▶ YOUR OBJECTIVE: Only the lines below between the one holding "Figure 5. Anti-XCTK2" and the one holding "Still Standing is", inclusive, are to be reproduced word for word; the pictures are to be left out.

▶ RECORDS:
┄┄┄┄┄┄┄┄┄┄

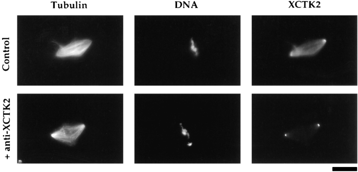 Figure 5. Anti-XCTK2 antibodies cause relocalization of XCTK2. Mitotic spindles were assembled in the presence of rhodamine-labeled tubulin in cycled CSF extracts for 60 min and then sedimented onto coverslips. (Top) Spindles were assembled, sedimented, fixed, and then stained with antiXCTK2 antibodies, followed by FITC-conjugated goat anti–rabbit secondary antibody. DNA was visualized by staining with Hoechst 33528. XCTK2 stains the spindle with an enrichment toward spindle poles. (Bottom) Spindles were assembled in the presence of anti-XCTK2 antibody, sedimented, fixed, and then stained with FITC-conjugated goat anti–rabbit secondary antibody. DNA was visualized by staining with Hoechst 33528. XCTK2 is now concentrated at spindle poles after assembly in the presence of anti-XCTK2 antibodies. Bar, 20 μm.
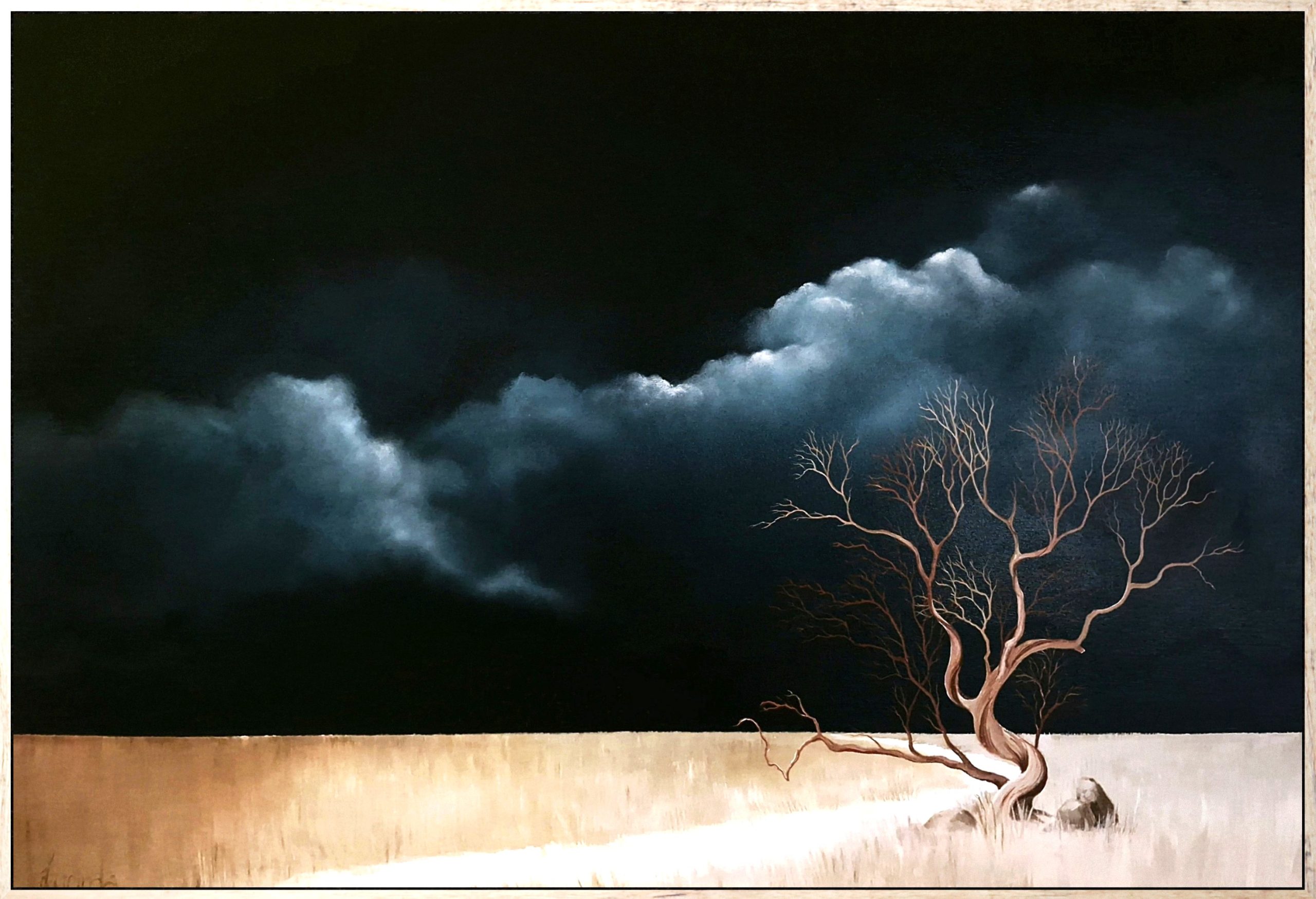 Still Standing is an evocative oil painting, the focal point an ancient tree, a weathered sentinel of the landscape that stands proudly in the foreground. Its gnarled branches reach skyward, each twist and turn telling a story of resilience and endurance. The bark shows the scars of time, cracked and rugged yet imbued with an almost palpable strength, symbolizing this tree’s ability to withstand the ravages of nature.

┄┄┄┄┄┄┄┄┄┄

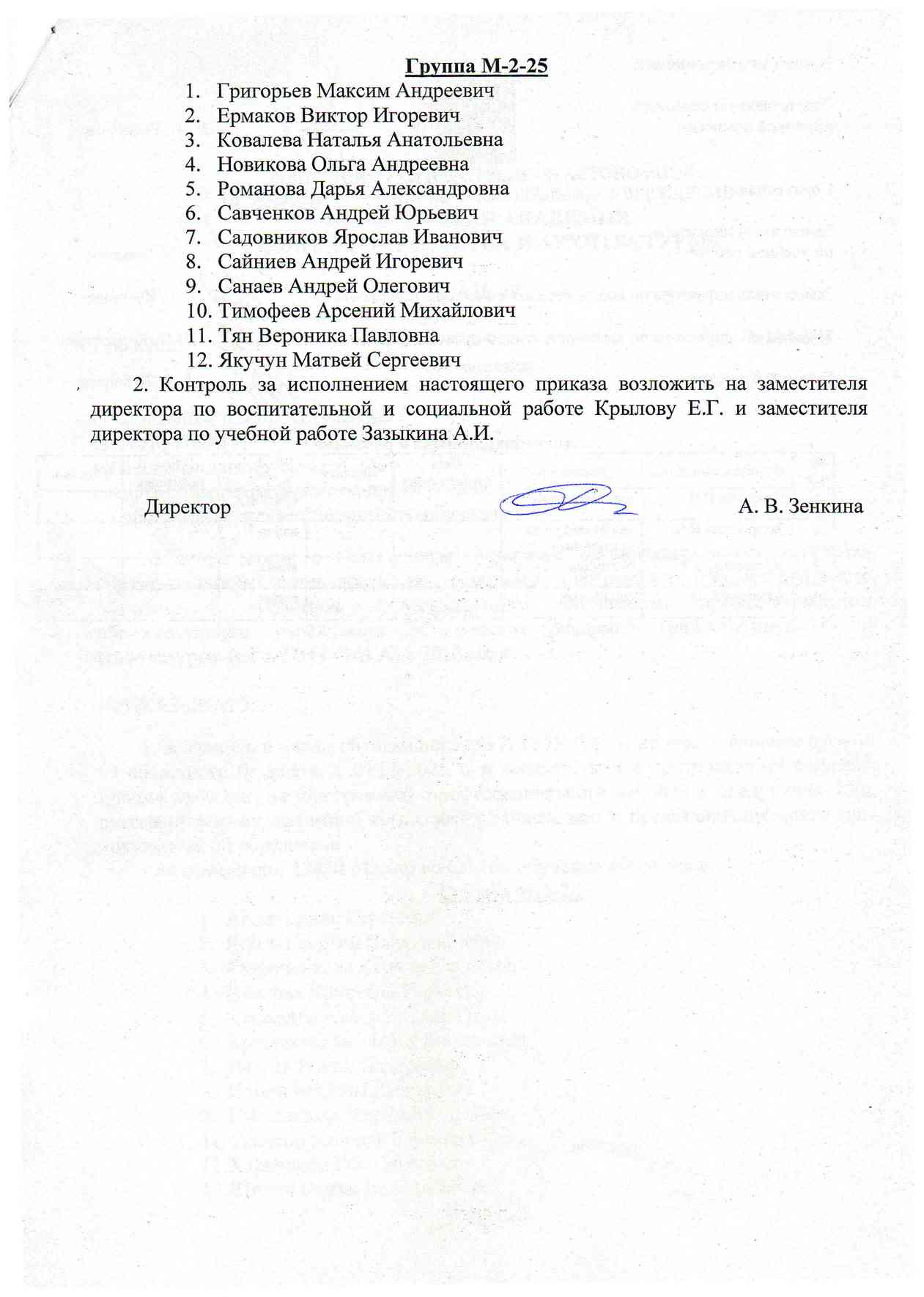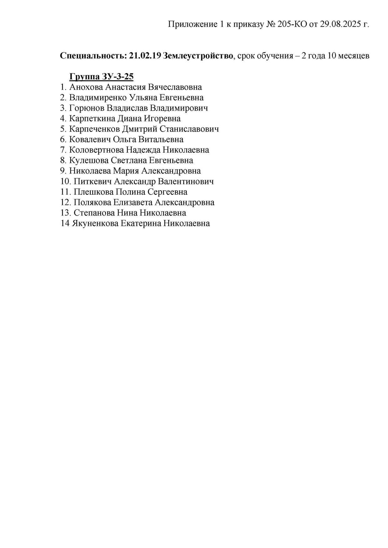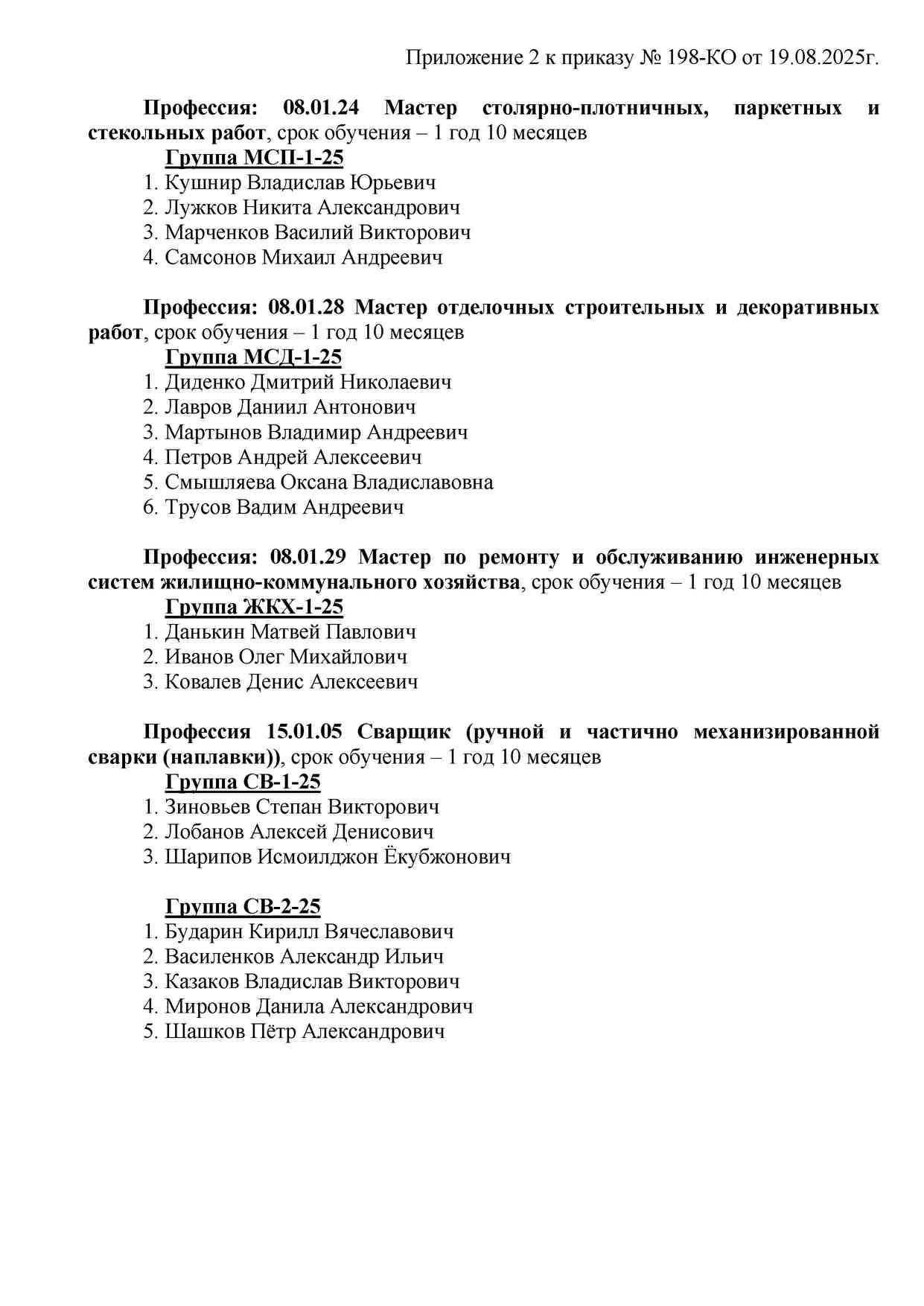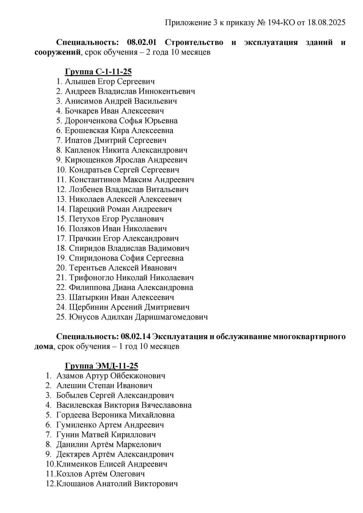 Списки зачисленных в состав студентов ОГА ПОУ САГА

┄┄┄┄┄┄┄┄┄┄

▶ WRITTEN RESPONSE:
 Figure 5. Anti-XCTK2 antibodies cause relocalization of XCTK2. Mitotic spindles were assembled in the presence of rhodamine-labeled tubulin in cycled CSF extracts for 60 min and then sedimented onto coverslips. (Top) Spindles were assembled, sedimented, fixed, and then stained with antiXCTK2 antibodies, followed by FITC-conjugated goat anti–rabbit secondary antibody. DNA was visualized by staining with Hoechst 33528. XCTK2 stains the spindle with an enrichment toward spindle poles. (Bottom) Spindles were assembled in the presence of anti-XCTK2 antibody, sedimented, fixed, and then stained with FITC-conjugated goat anti–rabbit secondary antibody. DNA was visualized by staining with Hoechst 33528. XCTK2 is now concentrated at spindle poles after assembly in the presence of anti-XCTK2 antibodies. Bar, 20 μm.
 Still Standing is an evocative oil painting, the focal point an ancient tree, a weathered sentinel of the landscape that stands proudly in the foreground. Its gnarled branches reach skyward, each twist and turn telling a story of resilience and endurance. The bark shows the scars of time, cracked and rugged yet imbued with an almost palpable strength, symbolizing this tree’s ability to withstand the ravages of nature.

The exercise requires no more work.